Над немного оплывшим уже от прошедших дождей песчаным холмиком сейчас стояли двое - не-человечески красивый парень с длинными черными волосами и заплетенной в косичку у виска белой прядью и девушка лет двадцати, почему-то совершенно не с траурными лицами, как подобает этому месту, а со счастливыми улыбками.
На деревянном кресте (покуда могила не осела для того, чтобы можно было устанавливать постоянное надгробие), была выведена красивая надпись с двумя датами - рождения и смерти (наступившей сорок дней назад). Фамилию сейчас не было видно из-за траурной ленты, свесившейся с новых венков, принесенных взамен тех, первых, 'от безутешно скорбящих детей и внуков', только имя и отчество 'Анна Константиновна'.

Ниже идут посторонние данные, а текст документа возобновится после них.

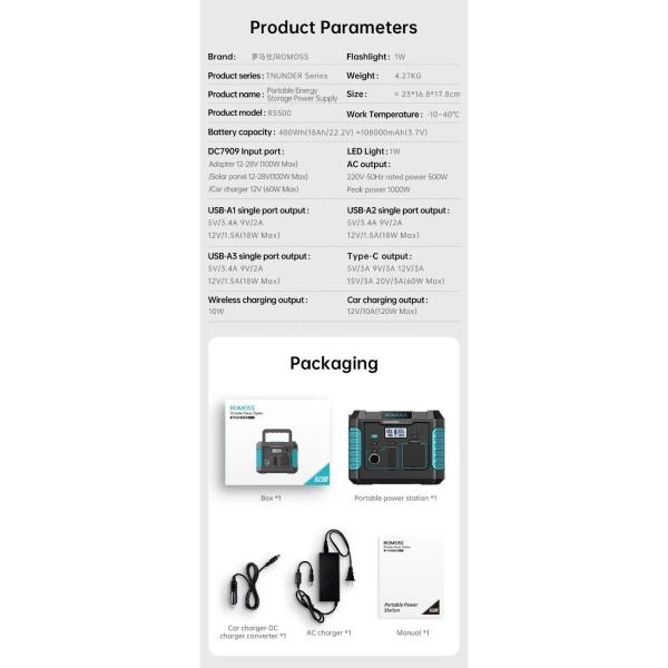Внешний аккумулятор Romoss RS500 мощностью 108000 мА*ч поддерживает зарядку устройств с помощью специальных портов. Модель является универсальной, поэтому подходит для смартфонов, электронных книг, смарт-часов. Для комфортной эксплуатации корпус оснащен встроенным фонариком. Световая индикация помогает контролировать уровень зарядки. Корпус изготовлен из высокопрочного пластика, который не подвержен сколам, царапинам и другим механическим повреждениям. За счет компактного размера аккумулятор удобен в хранении.

Восемьдесят шесть лет жизни - не так уж мало, хотя в родне у Анны были и долгожители. В этой же оградке были установлены надгробные памятники ее бабушке и маме... Почему она завещала похоронить себя здесь, а не в городе, родне объяснять не пожелала, впрочем, место и впрямь было очень приятное, совершенно не удручающее, а словно заставляющее остановиться, поразмышлять о бренности бытия и обрести какое-то душевное равновесие, согласившись, что у жизни свои, очень верные законы...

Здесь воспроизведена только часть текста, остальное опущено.